By Rich Harshaw
Most advertising out there is just not very good. It's a fact. When you open the Yellow Pages, can you really tell that much of a difference between the ads? What about in the newspaper? How many of them actually "build a case" for whatever it is they are selling and convince you that they are the people you should buy from? We are going to discuss the most important thing you need to look at when writing your ad.
Make sure your writing style is simple and conversational. Don't write like an English professor; instead, write the way you talk. This is the biggest trap of all for most people--that is, they start writing and all of a sudden all these big, fancy, flowery words start coming out all over the place. They use words that they wouldn't normally use in everyday conversation in a million years. Complicated sentences and weird words make it sound like you're intelligent, true enough. But on the other hand, they don't sell.
Rosser Reeves, one of the great advertising minds of the mid 1900's said it best when talking about many advertising copywriter's fondness for writing flowery prose instead of straightforward copy that sells. Reeves gives this little analogy: "Let's say you've got $1,000,000 tied up in your little company and suddenly, for reasons unknown to you, your advertising isn't working and your sales are going down. And everything depends on it. Your future depends on it, your family's future depends on it. Other people's family's futures depend on it. I walk into this office and sit down in this chair to write your advertising. Now, what do you want from me? Fine writing? Do you want masterpieces? Do you want glowing things that can be framed by copywriters? Or do you want to see the #!@%$*&#@! sales curve stop going down and start moving up?" Do you want the dang sales curve to stop going down and start moving up? That's the bottom line here. And in advertising, you've got to divorce yourself from the idea that was drilled into your head in high school English class about writing. Go against everything you learned and make your writing style simple and conversational.
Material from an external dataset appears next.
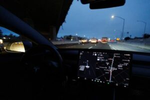 FILE PHOTO: A Tesla Model 3 vehicle drives on autopilot along the 405 highway in Westminster, California, U.S., March 16, 2022. REUTERS/Mike Blake/File Photo
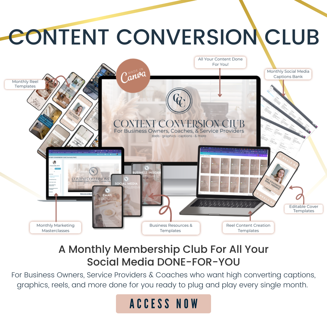 A monthly membership club for service based business owners! Get done-for-you plug-and-play captions, graphics, emails, and so much more that turn your social media into a money-making machine! ONLY $27/M

To give you a better idea about writing in simple terms, let me take you on what might at first seem like a strange tangent, but you'll soon find out will be very helpful in your learning to use plain talk. We are going to have a lesson in speaking Chinese. That's right, Chinese. If you can speak this exotic language, people are impressed and think you must be really smart. After all, Chinese is one of the most difficult languages in the world, right? Well, that's right and wrong. It's true that learning to read and write all those strange little Chinese characters is very difficult. But speaking Chinese...learning how to say the words and sentences, on the other hand, is actually surprisingly easy. What does that have to do with you advertising? The very elements of Chinese that make it easy to learn to speak--once you understand them--will help you become a better writer of English. If you could apply the Chinese way of talking to our own language, then without much effort you could form the habit of simple, clear, picturesque talk...and ultimately, your simple, Chinese-like writing will help you make more money.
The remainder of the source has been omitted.